The impact of annealing on copper-plated heterojunction solar cells

A team of researchers led by the University of New South Wales (UNSW) in Australia has discovered that annealing conditions play a crucial role in determining the stress, strain, and microstructure of copper-plated heterojunction solar cell contacts. Their study, which focused on how annealing affects the material properties of copper (Cu), indium tin oxide (ITO), and silicon (Si), highlights the importance of optimizing these processes to ensure the mechanical integrity and efficiency of solar cells.

The research team employed multiple characterization methods to understand the impact of annealing on Cu-plated heterojunction (HJT) solar cells. Co-author Pei-Chieh Hsiao explained that their findings revealed that fast annealing can increase microstrain in both copper and indium tin oxide. This discovery underscores the need for careful assessment of copper contacts on HJT cells to balance adhesion with mechanical stability.

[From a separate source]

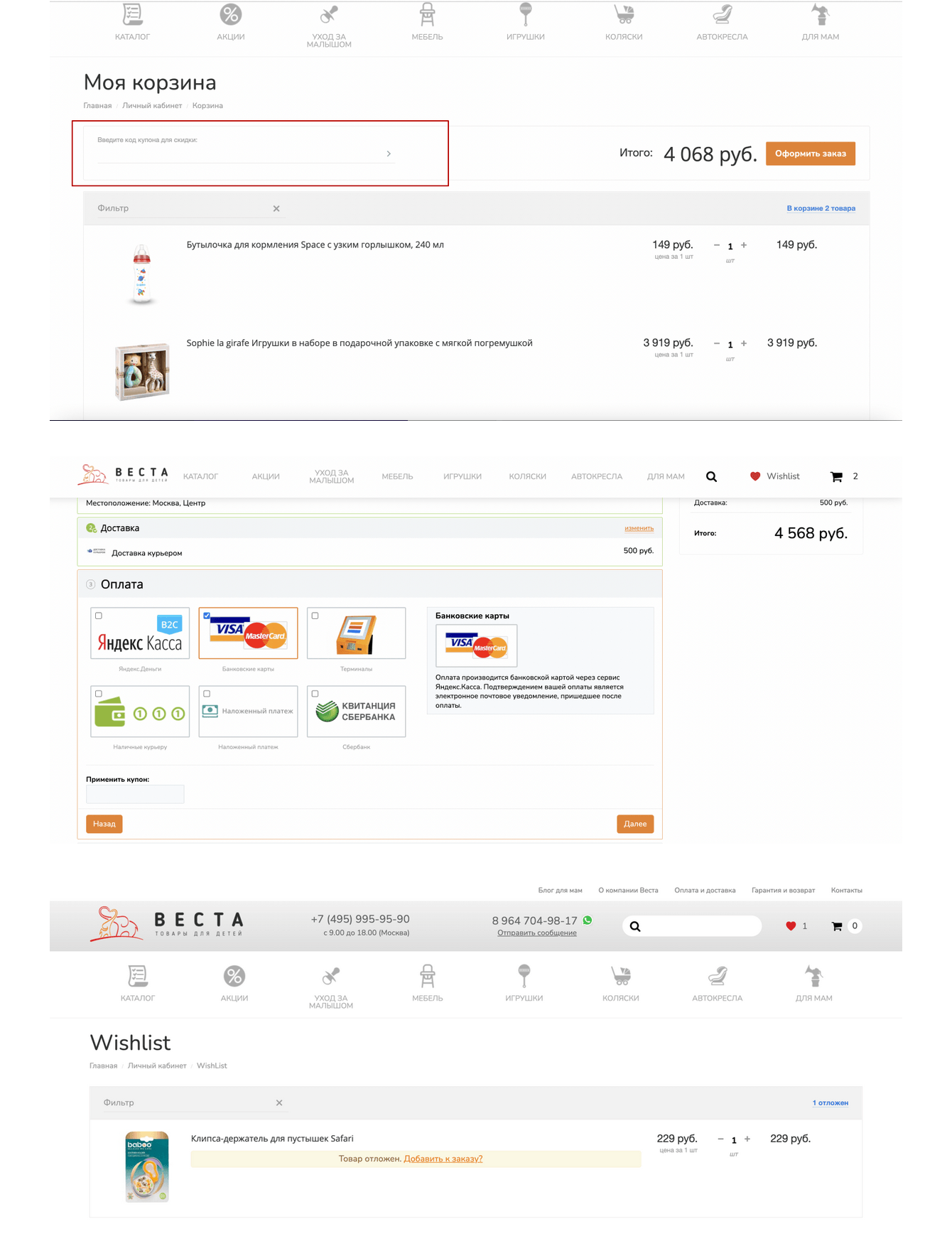Функционал интернет-магазина был ключевой задачей в реализации сайта. Активировали поле для скидочных купонов. Предусмотрели возможность расчета стоимости доставки в зависимости от города назначения.

Hsiao emphasized that controlling the microscopic structure of copper contacts is essential to limit mechanical stress in HJT solar cells. Ideally, copper contacts with a low defect density and a (100) crystal texture are preferred, as this reduces stress in silicon after annealing. This preferred texture can be achieved by adjusting the electrolyte or plating parameters, followed by optimizing the annealing process to minimize thermal strain while preserving the (100) orientation.

The study began with silicon heterojunction G12 half-cut n-type precursors measuring 210 mm × 105 mm. To restrict copper plating, the cells were coated with a resin-based mask, and selective openings were created using a collimated light source. Copper was then plated onto the exposed ITO surface using an acid-based electroplating solution at a current density of 42 mA/cm².

The team compared three annealing methods to evaluate their effects on the solar cells. In self-annealing, samples were stored at room temperature in a low-humidity environment. Fast annealing, conducted on the same day, involved heating the samples in compressed dry air at 205 ± 5°C for 45 seconds under controlled conditions.

The results of this study have significant implications for the development of more efficient and durable heterojunction solar cells. By understanding the relationship between annealing conditions and the resulting stress and strain in copper-plated contacts, researchers can now work towards optimizing the manufacturing process to enhance the performance and longevity of these solar cells. This breakthrough could lead to advancements in the solar energy industry, making it more accessible and sustainable for global energy needs.